Record extracts:
::::::::::

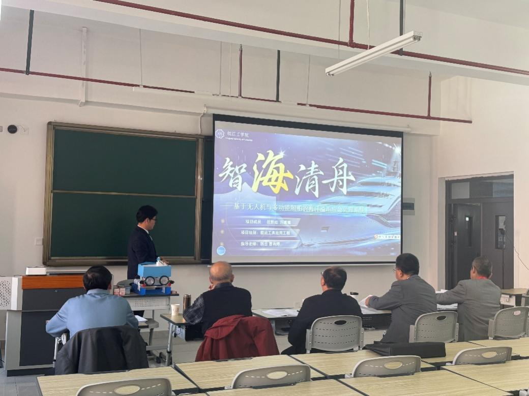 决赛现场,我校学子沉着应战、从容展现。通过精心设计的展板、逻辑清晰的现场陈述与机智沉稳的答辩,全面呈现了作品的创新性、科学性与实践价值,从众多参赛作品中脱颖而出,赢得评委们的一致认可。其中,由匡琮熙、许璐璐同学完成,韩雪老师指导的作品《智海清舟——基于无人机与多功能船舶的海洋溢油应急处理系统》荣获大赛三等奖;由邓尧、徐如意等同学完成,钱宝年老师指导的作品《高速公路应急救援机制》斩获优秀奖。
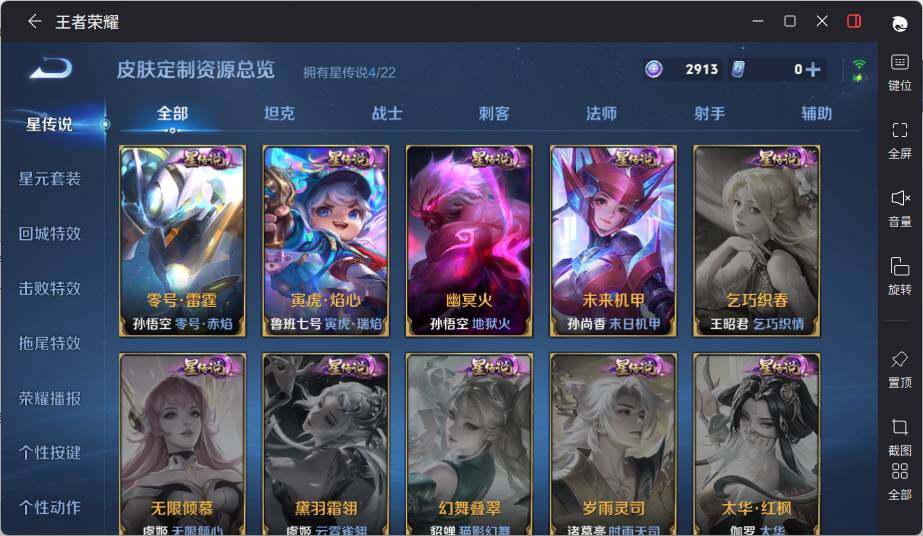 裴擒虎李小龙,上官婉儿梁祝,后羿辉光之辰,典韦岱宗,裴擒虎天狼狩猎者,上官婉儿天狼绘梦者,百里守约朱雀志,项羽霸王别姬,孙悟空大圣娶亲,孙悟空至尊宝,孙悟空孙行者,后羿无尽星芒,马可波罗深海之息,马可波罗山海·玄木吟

::::::::::

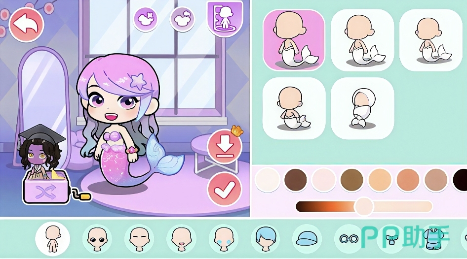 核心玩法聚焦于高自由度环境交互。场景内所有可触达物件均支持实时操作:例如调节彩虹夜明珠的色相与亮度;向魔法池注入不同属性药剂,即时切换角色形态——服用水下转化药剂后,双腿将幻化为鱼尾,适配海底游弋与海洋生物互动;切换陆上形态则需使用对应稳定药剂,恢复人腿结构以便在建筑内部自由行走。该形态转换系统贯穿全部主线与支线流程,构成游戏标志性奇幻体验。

::::::::::

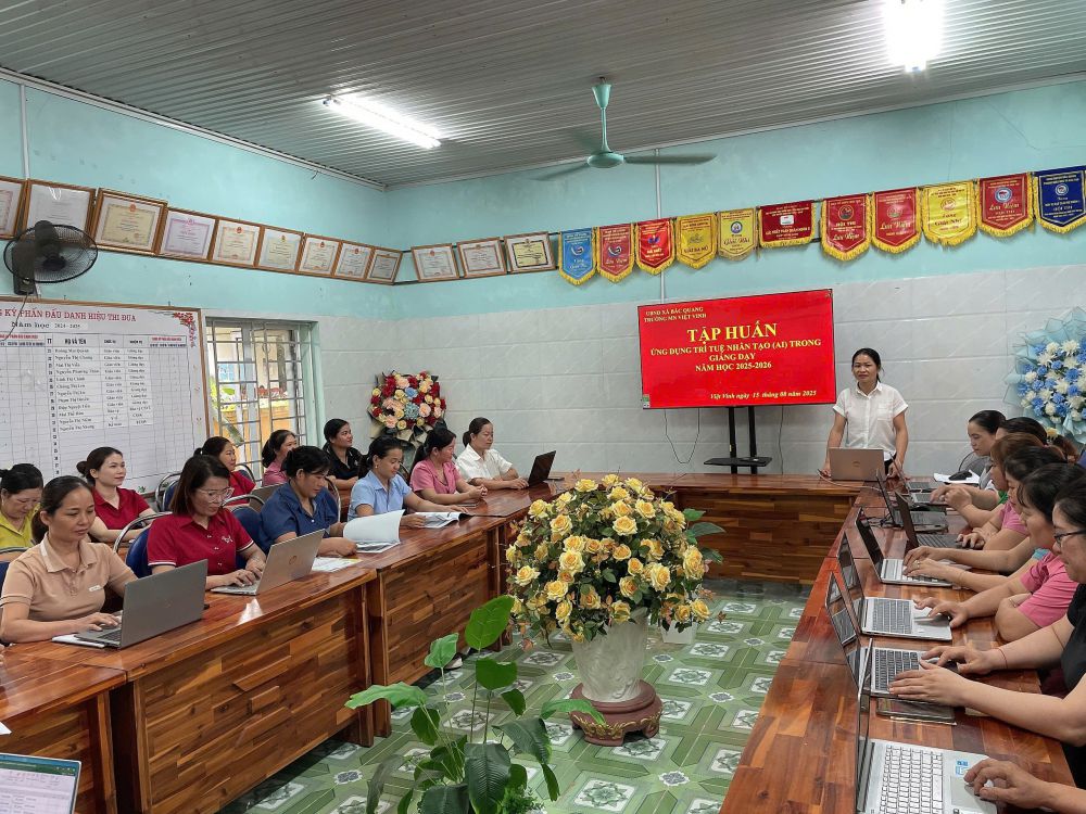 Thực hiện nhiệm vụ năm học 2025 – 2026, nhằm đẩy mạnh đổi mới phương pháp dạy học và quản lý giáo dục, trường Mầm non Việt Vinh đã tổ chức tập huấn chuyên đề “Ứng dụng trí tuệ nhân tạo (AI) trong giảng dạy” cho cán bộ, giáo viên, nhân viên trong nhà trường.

::::::::::

Taking the records above, print only and exactly the lines from the line with "决赛现场,我校学子沉着应战、" to the line with "裴擒虎李小龙,上官婉儿梁祝,后羿辉光之辰", both kept, and exclude pictures.

 决赛现场,我校学子沉着应战、从容展现。通过精心设计的展板、逻辑清晰的现场陈述与机智沉稳的答辩,全面呈现了作品的创新性、科学性与实践价值,从众多参赛作品中脱颖而出,赢得评委们的一致认可。其中,由匡琮熙、许璐璐同学完成,韩雪老师指导的作品《智海清舟——基于无人机与多功能船舶的海洋溢油应急处理系统》荣获大赛三等奖;由邓尧、徐如意等同学完成,钱宝年老师指导的作品《高速公路应急救援机制》斩获优秀奖。
 裴擒虎李小龙,上官婉儿梁祝,后羿辉光之辰,典韦岱宗,裴擒虎天狼狩猎者,上官婉儿天狼绘梦者,百里守约朱雀志,项羽霸王别姬,孙悟空大圣娶亲,孙悟空至尊宝,孙悟空孙行者,后羿无尽星芒,马可波罗深海之息,马可波罗山海·玄木吟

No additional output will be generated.